Нечего говорить о разных его выходках, которые везде повторялись. Например, в Царском Селе Захаржевского медвежонок сорвался с цепи от столба, на котором была устроена его будка, и побежал в сад, где мог встретиться в тёмной аллее с императором, если бы на этот раз не встрепенулся его маленький шарло и не предостерёг бы от этой опасной встречи. Медвежонок, разумеется, тотчас был истреблён, а Пушкин при этом случае не обинуясь говорил: «Нашёлся один добрый человек, да и тот медведь!» Таким же образом он во всеуслышание в театре кричал: «Теперь самое безопасное время – по Неве идёт лёд». В переводе: нечего опасаться крепости. Конечно, болтовня эта – вздор; но этот вздор, похожий несколько на поддразнивание, переходил из уст в уста и порождал разные толки, имевшие своё развитие; следовательно, и тут далее некоторым образом достигалась цель, которой он несознательно (?) содействовал.
Между тем тот же Пушкин, либеральный по своим воззрениям34, имел какую-то жалкую привычку изменять благородному своему характеру и очень часто сердил меня тем, что любил, например, вертеться у оркестра около Орлова, Чернышёва, Киселёва и других: они с покровительственной улыбкой выслушивали его шутки, остроты.
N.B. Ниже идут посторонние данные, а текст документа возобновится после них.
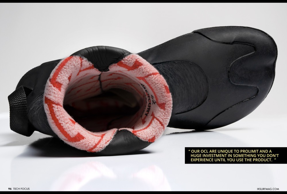 Prolimit is the only neoprene footwear producer using its own exclusive Lasts for its boots and shoes. OCL stands for Orthopaedic Controlled Lasts. To understand what it does, you have to know the production process. A neoprene sock is made, fitted on the Alloy Lasts, and then the rubber is applied and cured in an oven. This curing process determines the shape of the boot. Most of the Lasts out there are not made specifically for our kite and wind sports, where a dynamic stance and barefoot feeling are required. OCL ensures that at the arch, sole and also your Achilles tendon, the neoprene fits perfectly, and there is no air in your boot. As soon as you enter the water, the air disappears and sucks the water inside. If you look at an OCL boot, you will see that the sole is concave, the arch is lower, and the back of the boot is narrower at the Achilles. OCL connects, so there is no suction and a much warmer, better-fitting boot.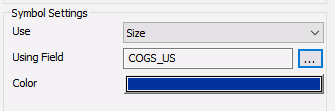 This example uses the COGS_US field to size the markers and blue to color the markers, as shown in the following image.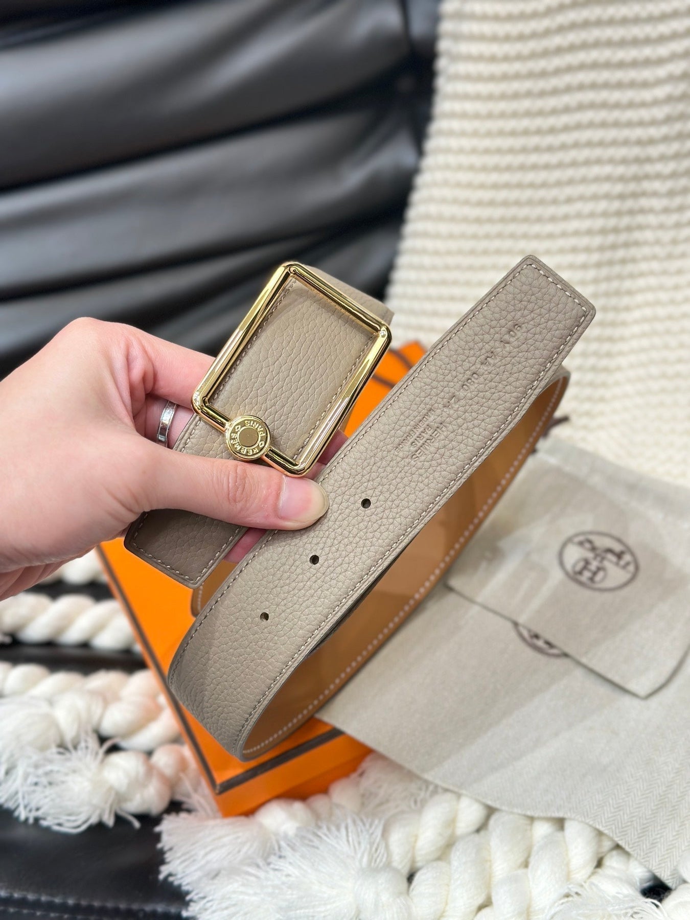 HM OSCAR BELT GOLD BUCKLE & REVERSIBLE HONEY ORANGE LEATHER STRAP 38MM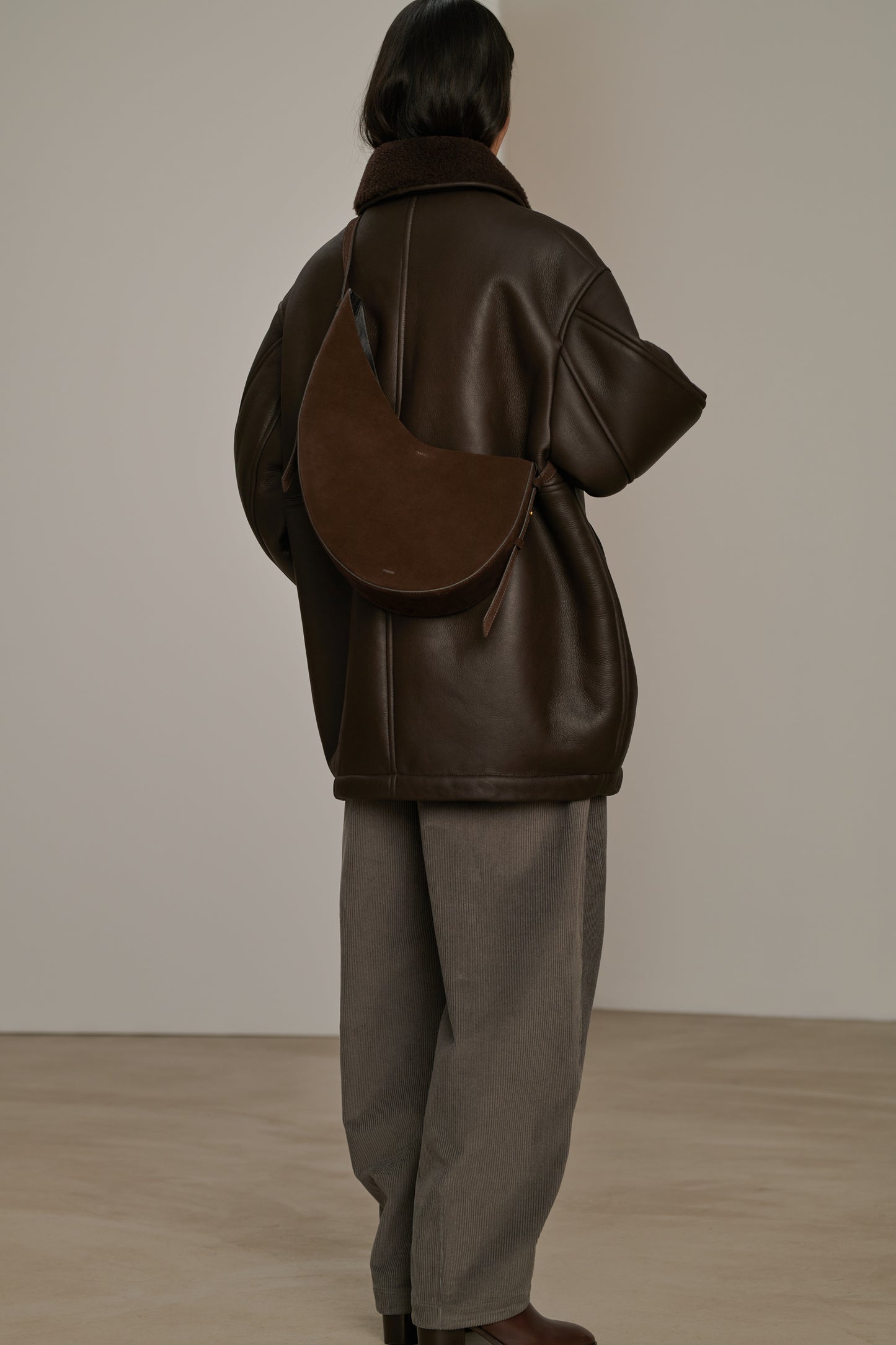 Borsa in crosta di cuoio marrone scuro marrone scuro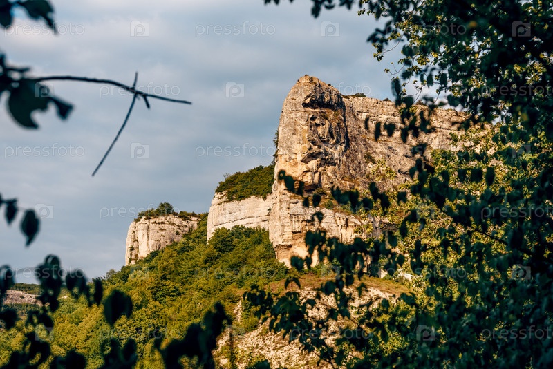 Ландшафт гор Крыма, панорамный пиковый хребет в туманное лето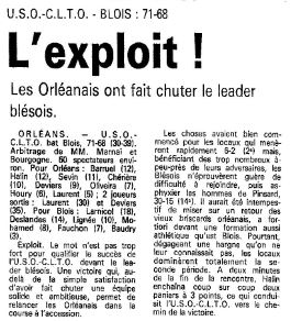 Saison 1988-1989 : Lors de la Journée du 15 Janvier 1989, en Championnat de Régionale Masculine 1, l’USO- CLTO bat le leader l’ADA Blois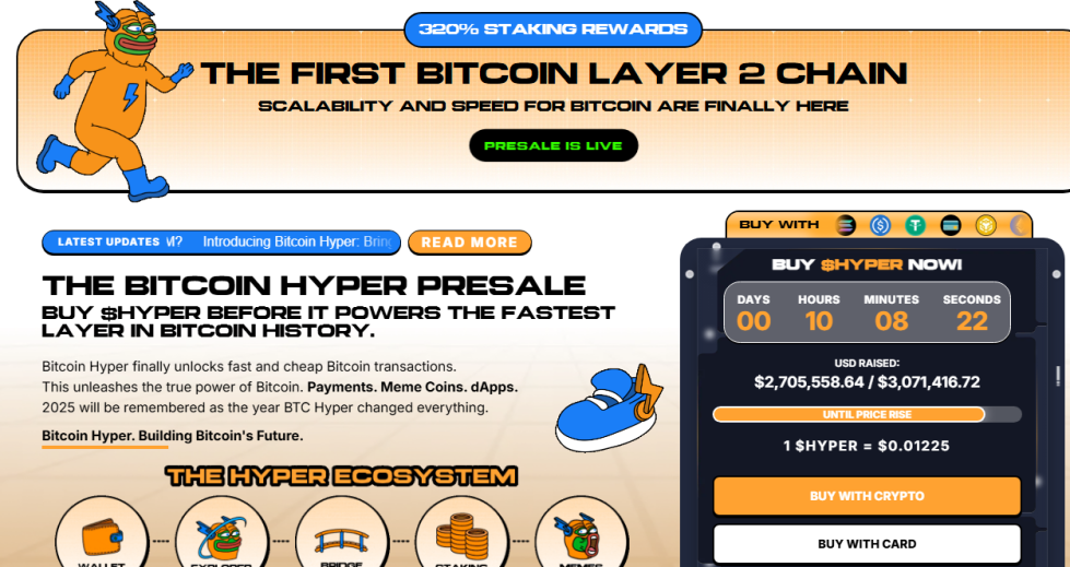 وقد تمكّن اكتتاب عملة بيتكوين هايبر (Bitcoin Hyper) من جمع أكثر من 3 مليون دولار منذ انطلاقه في أيار/مايو.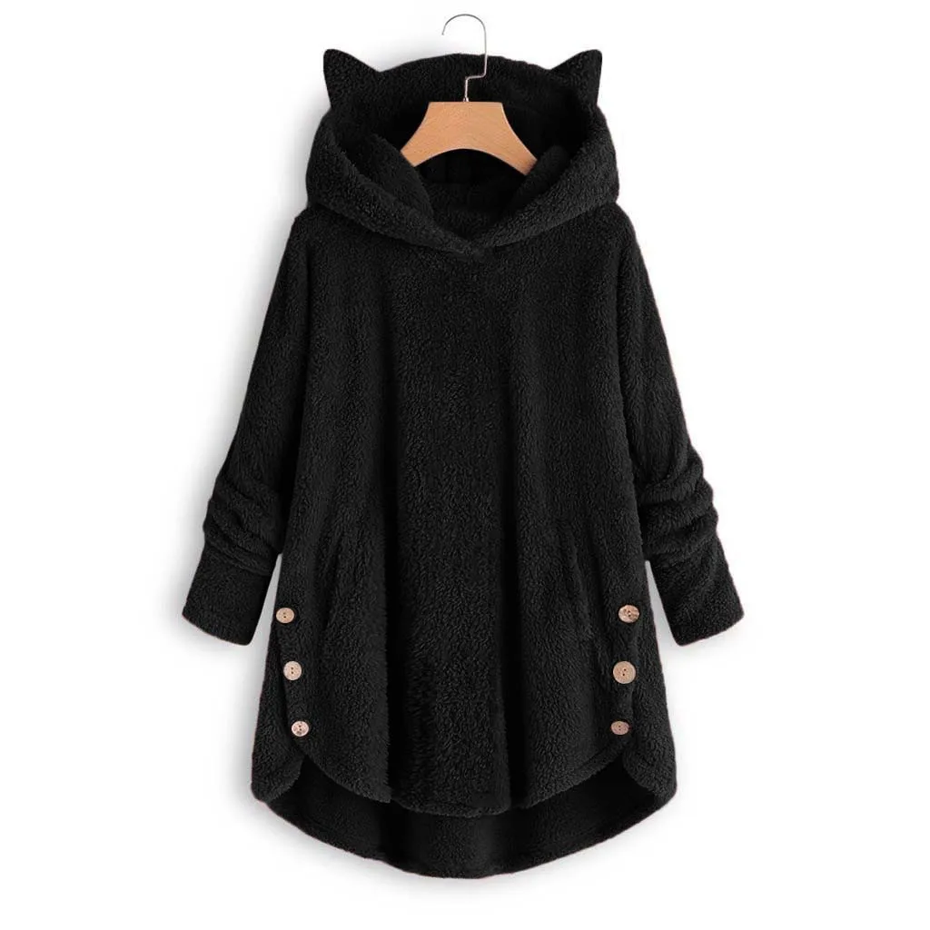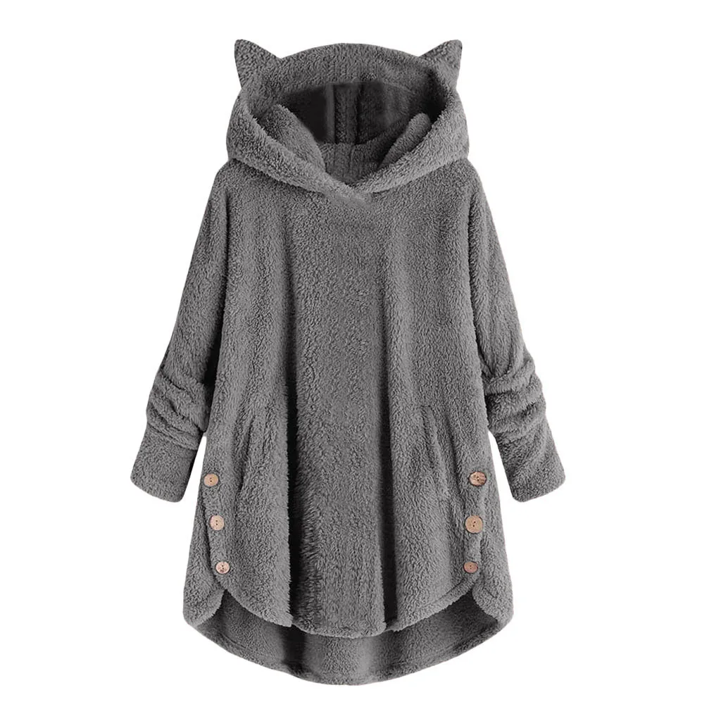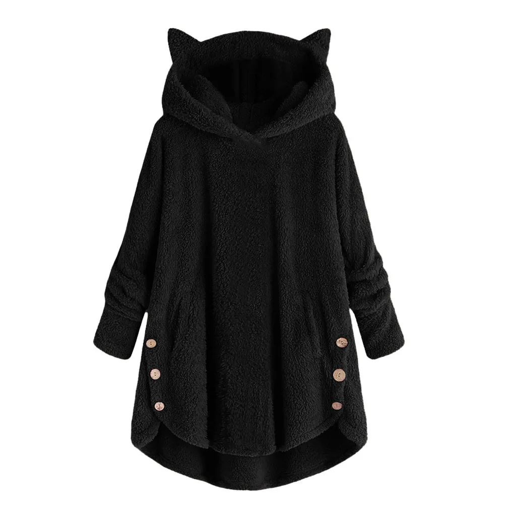 Женское пальто на пуговицах, однотонные топы с капюшоном, пуловер, свободный свитер, блузка размера плюс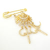 Materials are: a gold plated metal safety pin, a vintage 1980's gold plated metal and rhinestone circular cone component, and gold plated brass and rhinestone moon and dagger charms. Length of brooch is 4.5" and is 2.75" at its widest point. Due to the nature of the vintage rhinestone cone, it has some visible chipping on the gold plating on the top, and on the back of the piece. All the rhinestones are intact. It is slightly on the heavier side, so it is not for those who are unaccustomed to wearing slightly heavier pieces.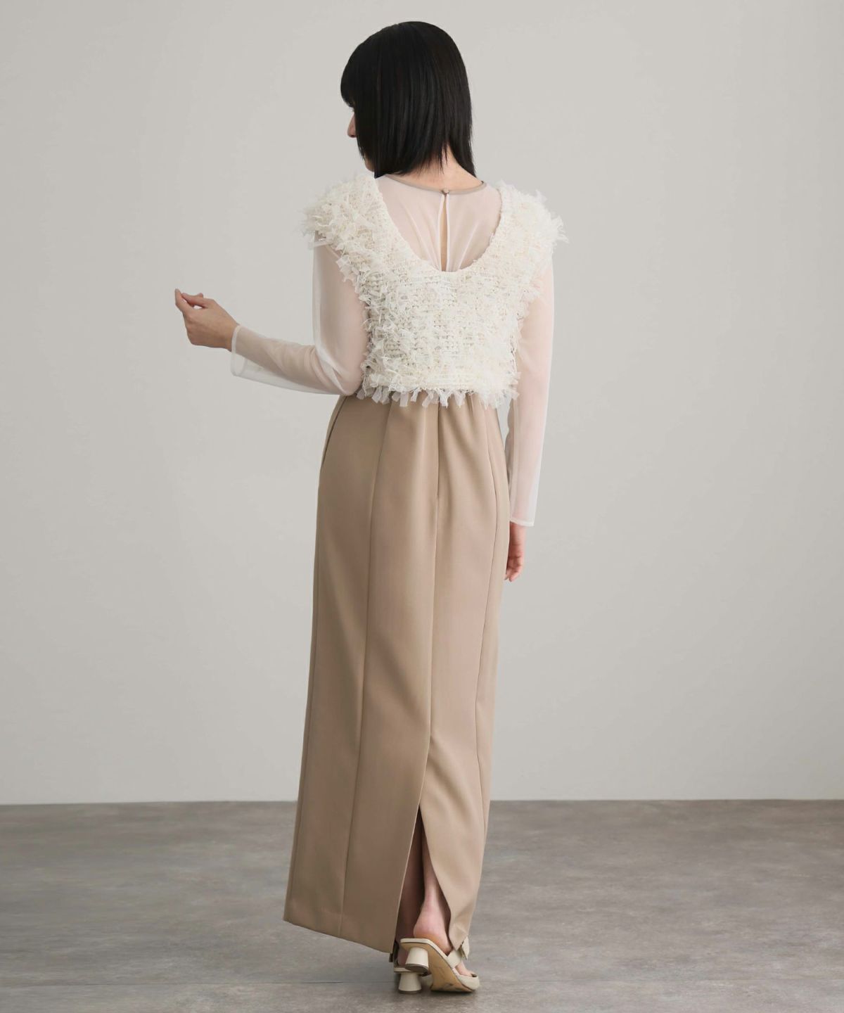 ソフトマーメイドのワンピースで女性らしい印象に シアージャケットワンピースセットアップ

Случалось из кресел сделать ему знак, он тотчас прибежит. Говоришь, бывало: «Что тебе за охота, любезный друг, возиться с этим народом; ни в одном из них ты не найдёшь сочувствия и пр.». Он терпеливо выслушает, начнёт щекотать, обнимать, что обычно делал, когда потеряется. Потом смотришь – Пушкин опять с тогдашними Львами! (Анахронизм: тогда не существовало ещё этого аристократического прозвища. Извините!)
Странное смешение в этом великолепном создании! Никогда не переставал я любить его, знаю, что и он платил мне тем же чувством; но невольно из дружбы к нему желалось, чтобы он наконец настоящим образом взглянул на себя и понял своё призвание. Видно, впрочем, что не могло и не должно было быть иначе; видно, нужна была и эта разработка, коловшая нам, слепым, глаза.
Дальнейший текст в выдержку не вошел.